Content starts

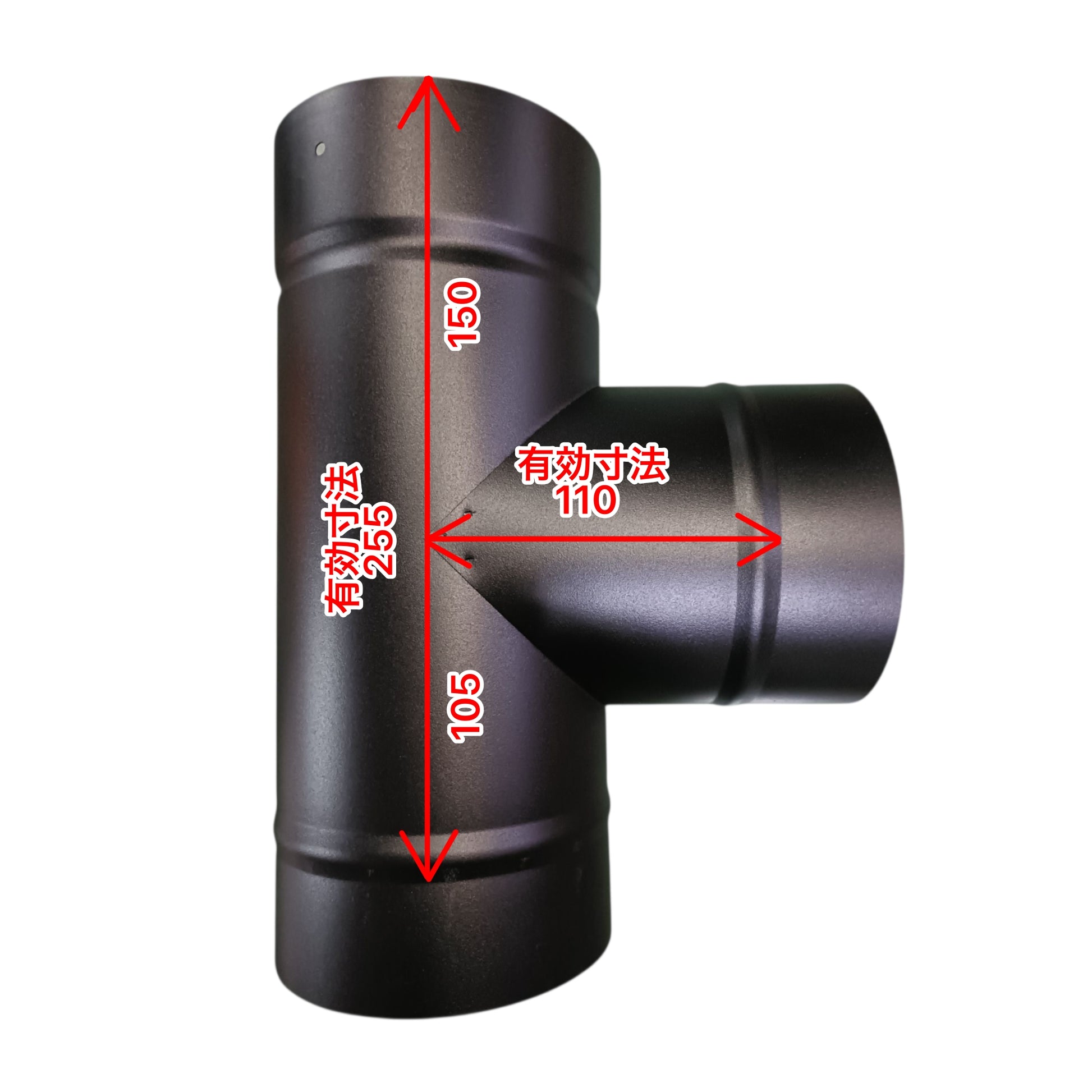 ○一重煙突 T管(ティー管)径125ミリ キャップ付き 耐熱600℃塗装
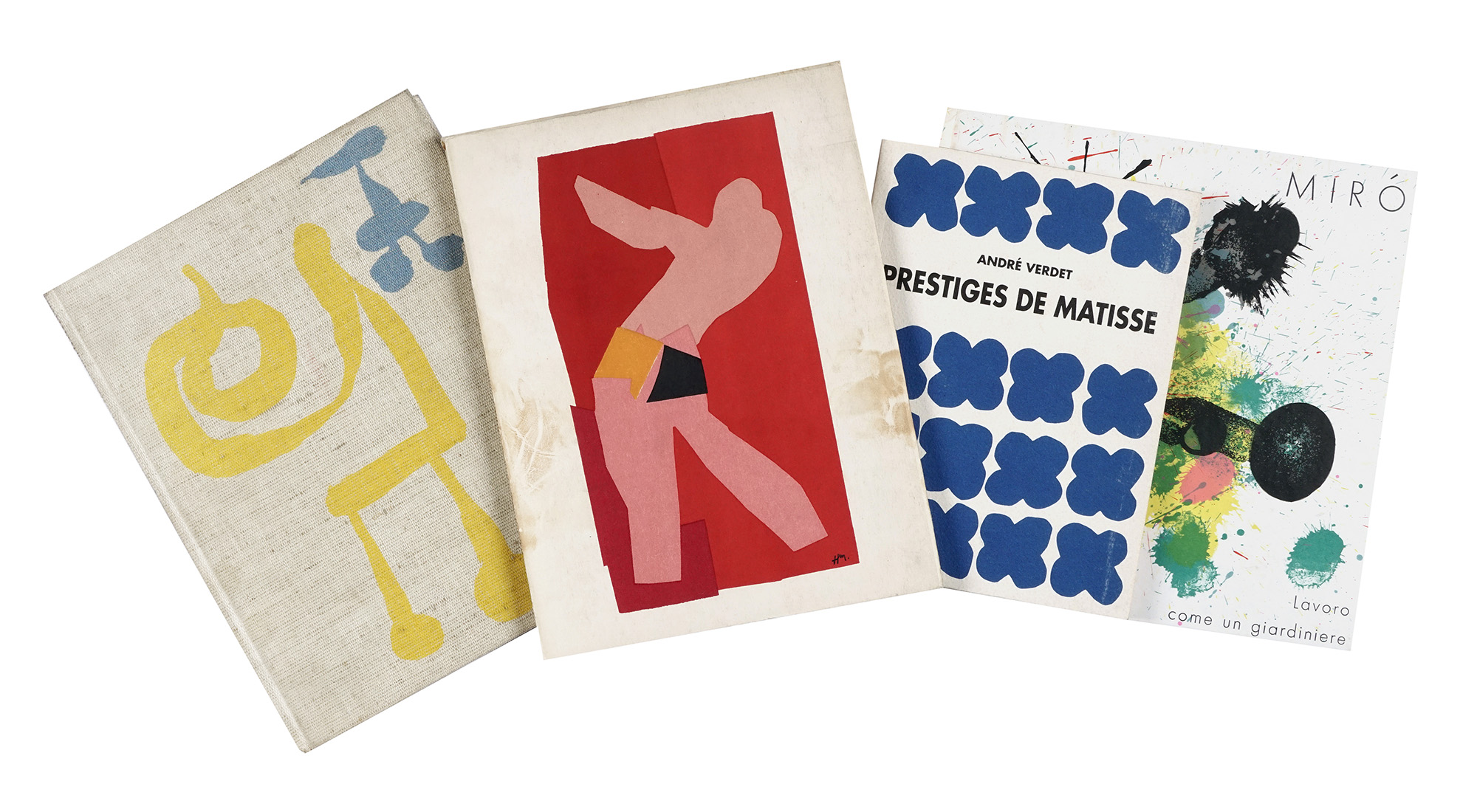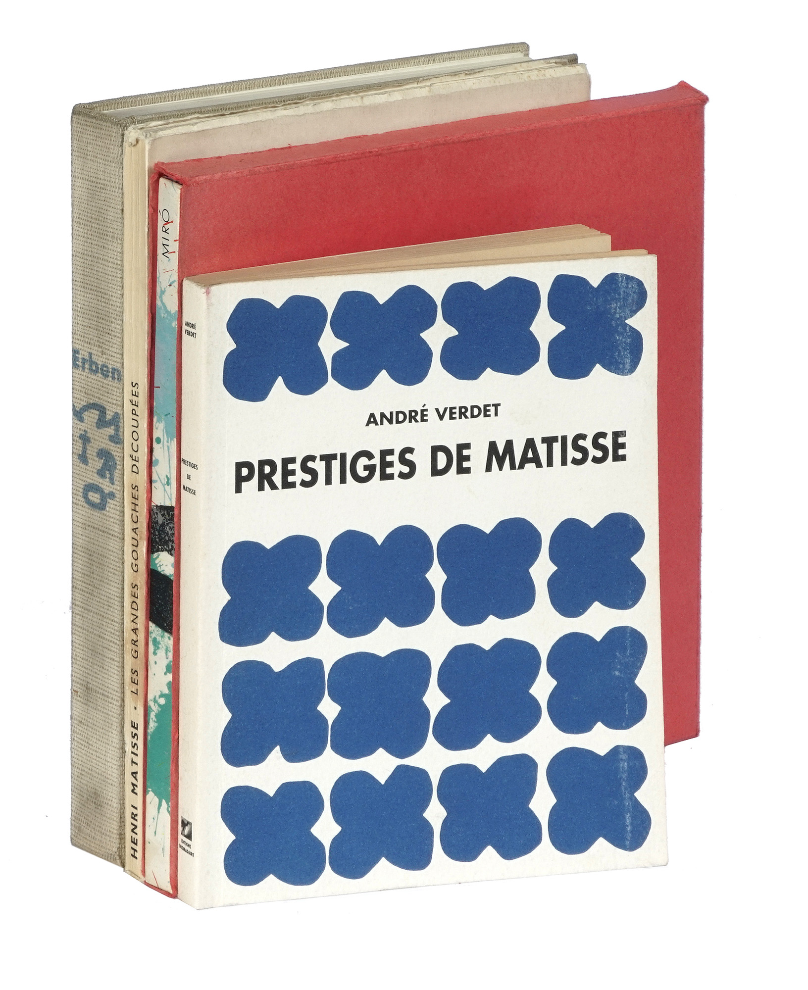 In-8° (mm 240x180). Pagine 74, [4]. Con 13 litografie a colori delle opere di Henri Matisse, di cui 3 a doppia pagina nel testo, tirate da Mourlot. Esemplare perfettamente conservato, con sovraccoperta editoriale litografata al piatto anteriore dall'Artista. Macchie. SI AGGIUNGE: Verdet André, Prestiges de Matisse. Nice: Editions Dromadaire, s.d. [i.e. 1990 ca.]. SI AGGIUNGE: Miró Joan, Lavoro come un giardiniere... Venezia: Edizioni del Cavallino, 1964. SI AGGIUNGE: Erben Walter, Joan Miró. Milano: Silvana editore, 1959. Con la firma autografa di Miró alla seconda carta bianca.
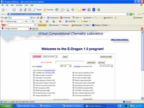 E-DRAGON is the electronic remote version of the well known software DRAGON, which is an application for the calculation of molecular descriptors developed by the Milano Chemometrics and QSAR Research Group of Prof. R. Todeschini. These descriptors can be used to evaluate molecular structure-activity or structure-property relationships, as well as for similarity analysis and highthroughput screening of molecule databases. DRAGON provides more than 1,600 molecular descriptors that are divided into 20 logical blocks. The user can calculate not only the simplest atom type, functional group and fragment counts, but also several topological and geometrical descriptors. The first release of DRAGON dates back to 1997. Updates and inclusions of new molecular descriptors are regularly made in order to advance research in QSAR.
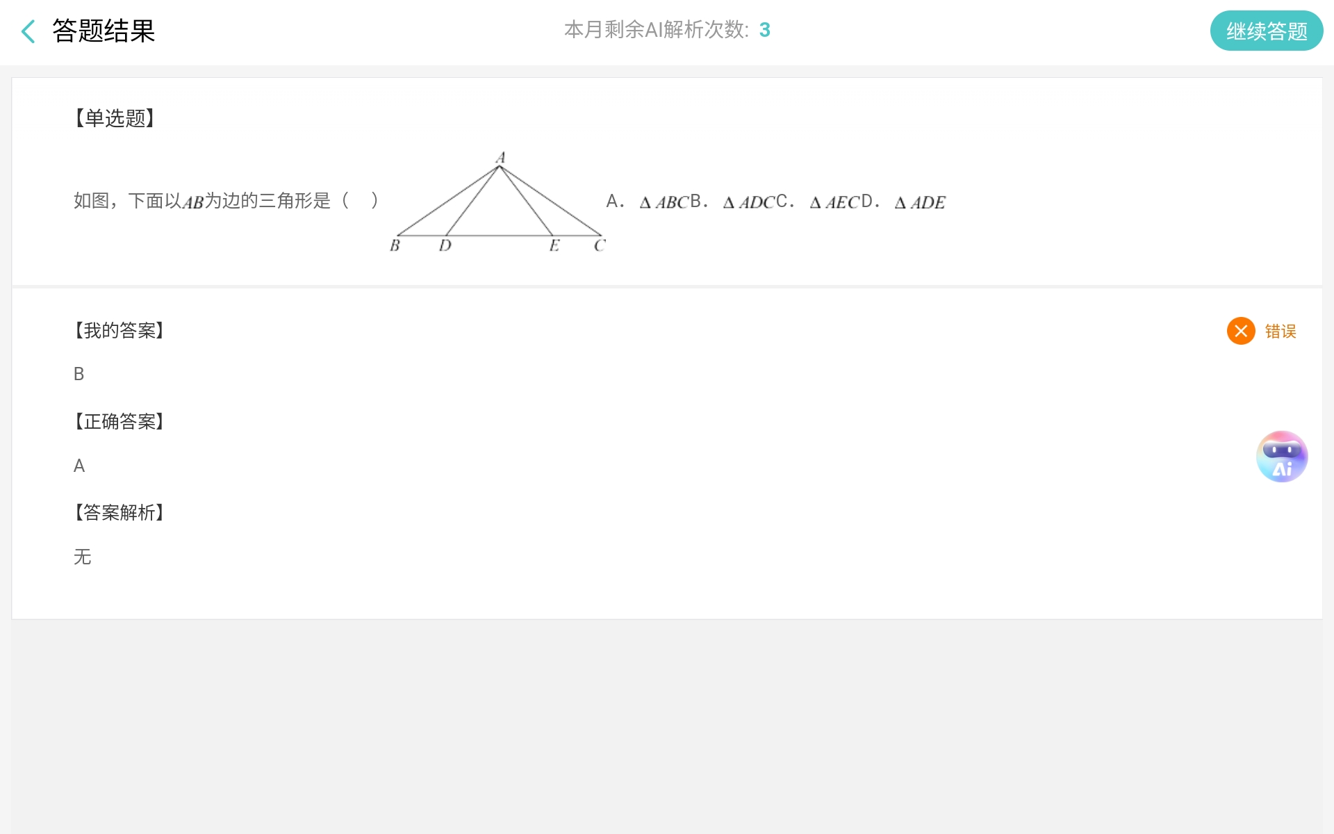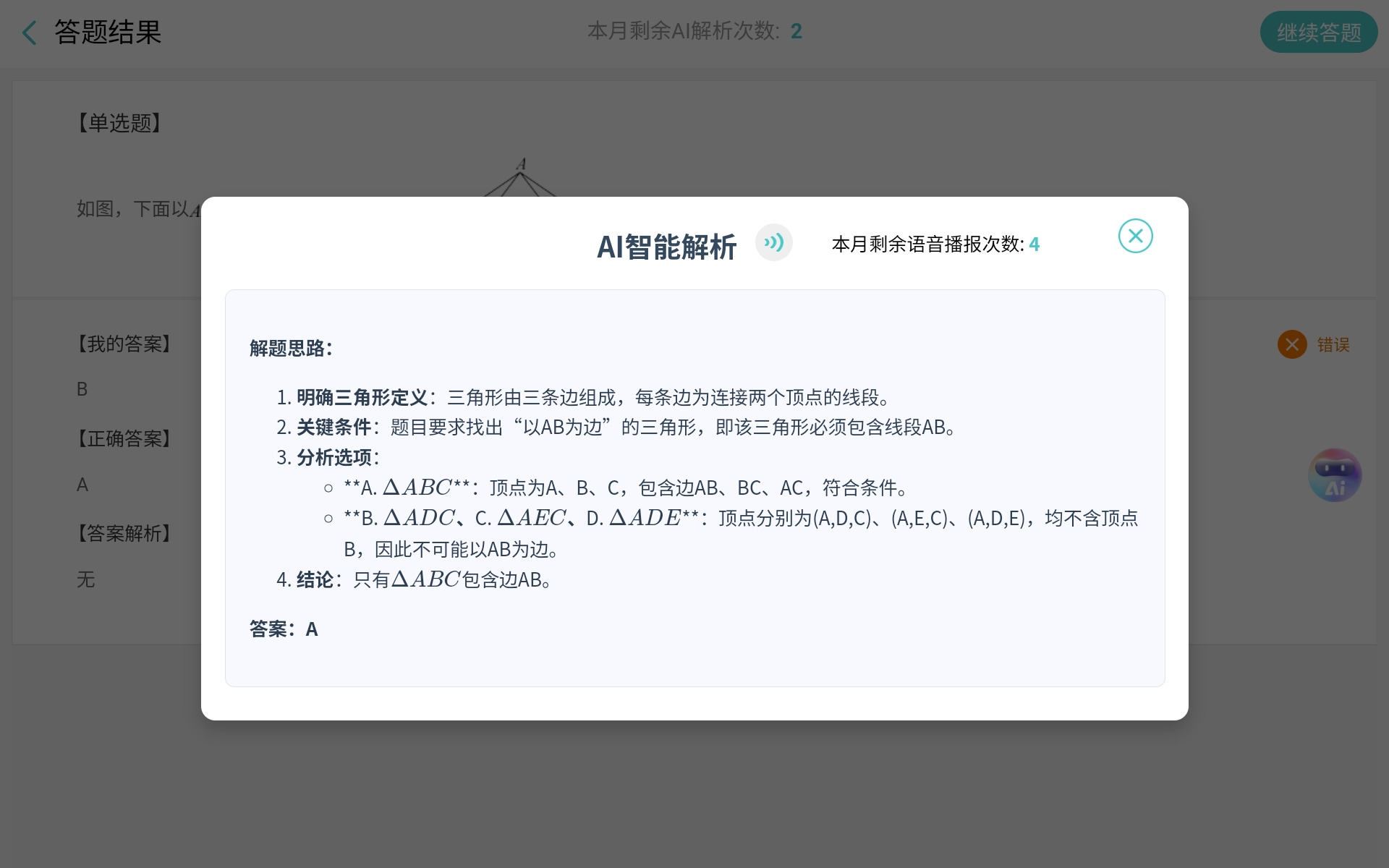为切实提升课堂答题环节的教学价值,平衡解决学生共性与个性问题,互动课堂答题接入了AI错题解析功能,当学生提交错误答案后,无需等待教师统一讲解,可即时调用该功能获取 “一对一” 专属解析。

Content ends

[Exercise description]: Set down the material above as is, without any pictures.

[Worked solution]:
 ○一重煙突 T管(ティー管)径125ミリ キャップ付き 耐熱600℃塗装
 In-8° (mm 240x180). Pagine 74, [4]. Con 13 litografie a colori delle opere di Henri Matisse, di cui 3 a doppia pagina nel testo, tirate da Mourlot. Esemplare perfettamente conservato, con sovraccoperta editoriale litografata al piatto anteriore dall'Artista. Macchie. SI AGGIUNGE: Verdet André, Prestiges de Matisse. Nice: Editions Dromadaire, s.d. [i.e. 1990 ca.]. SI AGGIUNGE: Miró Joan, Lavoro come un giardiniere... Venezia: Edizioni del Cavallino, 1964. SI AGGIUNGE: Erben Walter, Joan Miró. Milano: Silvana editore, 1959. Con la firma autografa di Miró alla seconda carta bianca.
 E-DRAGON is the electronic remote version of the well known software DRAGON, which is an application for the calculation of molecular descriptors developed by the Milano Chemometrics and QSAR Research Group of Prof. R. Todeschini. These descriptors can be used to evaluate molecular structure-activity or structure-property relationships, as well as for similarity analysis and highthroughput screening of molecule databases. DRAGON provides more than 1,600 molecular descriptors that are divided into 20 logical blocks. The user can calculate not only the simplest atom type, functional group and fragment counts, but also several topological and geometrical descriptors. The first release of DRAGON dates back to 1997. Updates and inclusions of new molecular descriptors are regularly made in order to advance research in QSAR.
为切实提升课堂答题环节的教学价值,平衡解决学生共性与个性问题,互动课堂答题接入了AI错题解析功能,当学生提交错误答案后,无需等待教师统一讲解,可即时调用该功能获取 “一对一” 专属解析。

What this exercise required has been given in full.